Oh, and I adore this site-- it is so useful!!


----------



## Cha

Déjà s'utilise pour la forme affirmative. "Es -tu déjà allé à Paris" "Oui, je suis déjà allé à Paris".
Jamais s'utilise pour la form négative. "Non je ne suis jamais allé à Paris".

Explication sans doute incomplète!


----------



## Ollo

C'est en effet "déjà". As-tu jamais visité Paris peut se dire aussi mais c'est old-fashioned.

(In French you should say "Merci par avance")


----------



## Sharrow

Please could you tell me if *déjà* and *jamais* are always interchangeable, when they mean 'ever' ?

tu lui as déjà parlé ? / tu lui as jamais parlé ? - have you ever spoken to him ?

Thank you


----------



## pieanne

I'd say yes, they are...


----------



## Aristide

As I see it :

tu lui as déjà parlé ?
= did you tell him about it ?

ça t'est déjà arrivé de lui parler ? 
= have you ever spoken to him ?

Tu ne lui a jamais parlé ? 
= have you never spoken to him ?


----------



## pieanne

I think that, *to translate "ever",* you can use either "déjà" or "jamais".
The other uses of "déjà" and "jamais" are quite different


----------



## weefoot

I don't think they are always interchangeable.
The two questions are slightly different, at least in every day language, because you expect a different answer.
"Tu lui as jamais parlé ?" is understood as "So, you've never spoken to him ?"
whereas "tu lui as déjà parlé ?" is "Have you ever talked to him", or, according to the context, "have you talked to him, yet ?"


----------



## pieanne

In my opinion, "tu (ne) lui as jamais parlé?" doesn't correspond to "have you ever talked to him?"
The latter could be translated either by "lui as-tu jamais/déjà parlé" ( = une fois dans ta vie)


----------



## Aristide

Another try :

tu lui as jamais parlé ? (normal every day french)
= tu ne lui as jamais parlé ?
= have you never spoken to him ?

Lui as-tu jamais parlé ? (a sentence you could find in an old book)
= Lui as-tu déjà parlé ?
= have you ever spoken to him ?

--
Theoretically, "tu lui as jamais parlé ?" could be ambiguous

because you cannot be sure whether jamais is used as a negative (never) 
with the meaning: - tu ne lui as jamais parlé ?
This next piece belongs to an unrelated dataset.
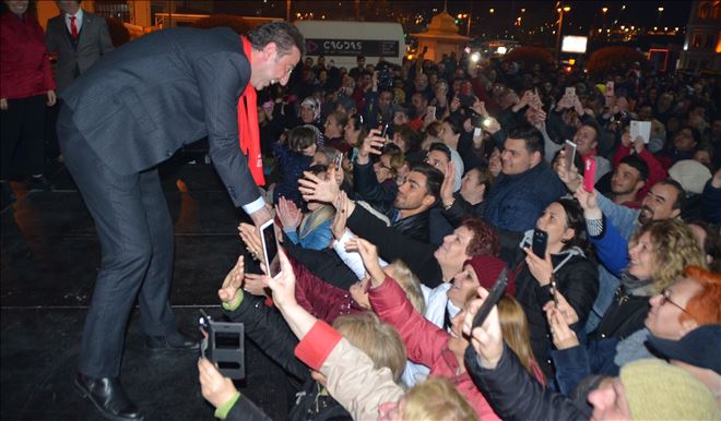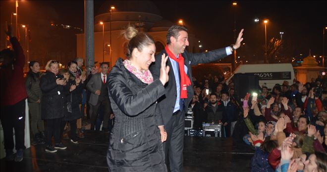 31 Mart yerel seçimlerini farklı kazanan Millet İttifakı Bandırma Belediye Başkan Adayı Tolga Tosun, Balkon konuşmasını Cumhuriyet alanında kurulan platformda yaptı.
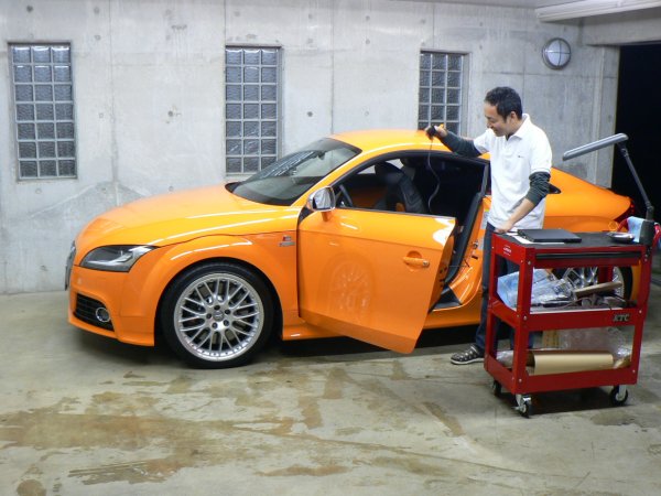 最後のお客様は、Audi TTS(2009)のデイライトコーディング変更です。写真のスモールランプ部分のLEDをデイライトとして点灯可能なようにコーディングします。一旦コーディングすれば、マルチファンクション上の切り替えで、デイライトをON/OFFできるようになるので、便利です。セッティングは一発で完了。予定通りの動作ができました。併せて、Audi leather cover for car keysの装着確認もさせていただいた上で、ご購入となりました。純正ですので、内装色にピッタリマッチし、maniacsベゼルとの併用も一応可能です(ベゼルとの若干の接触はあります)。

or whether jamais is used in the sense of ever, some time
with the meaning: - lui as-tu déjà parlé ?

However, in the real world, if you say "tu lui as jamais parlé ?"  in casual familiar conversation,
"jamais" will be understood as the contrary of déjà. It will mean NEVER.
(déjà means it has already been done at least once).
(never means it has never been done)

However, you could still say that jamais and never are interchangeable, because there isn't a huge difference between the 2 questions:  have you ever / have you never spoken to him ?


----------



## Malcolm X

I thought "jamais" was what French people normally used in such situations. I remember striking up a conversation with a Frenchman who was visiting my country. He immediately asked me, "Avez-vous jamais été en France ?" I would have expected him to say, "Avez-vous été en France ?" or "Avez-vous déjà été en France ?" though.


----------



## OLN

Il y a déjà plusieurs discussions sur ce sujet :
[…]
jamais / déjà - forum Français Seulement


----------



## Oddmania

Malcolm X said:


> "Avez-vous jamais été en France ?"


I must admit I can't imagine saying this. It sounds like a conversation between Hercule Poirot and Miss Lemon. A more natural alternative in everyday conversation would be _"Est-ce que vous êtes déjà allé en France ?"_. _Jamais_, combined with the inversion-style question, sounds very formal and literary (but charming) to me.


----------



## Malcolm X

Thank you so much! Now I know what French people say spontaneously and naturally: _Est-ce que vous êtes déjà allé en (name of country) ?_
Would _Est-ce que vous avez déjà été en (name of country) ?_ be just as natural and normal?


----------



## Oddmania

Yes, it comes down to the same thing.


----------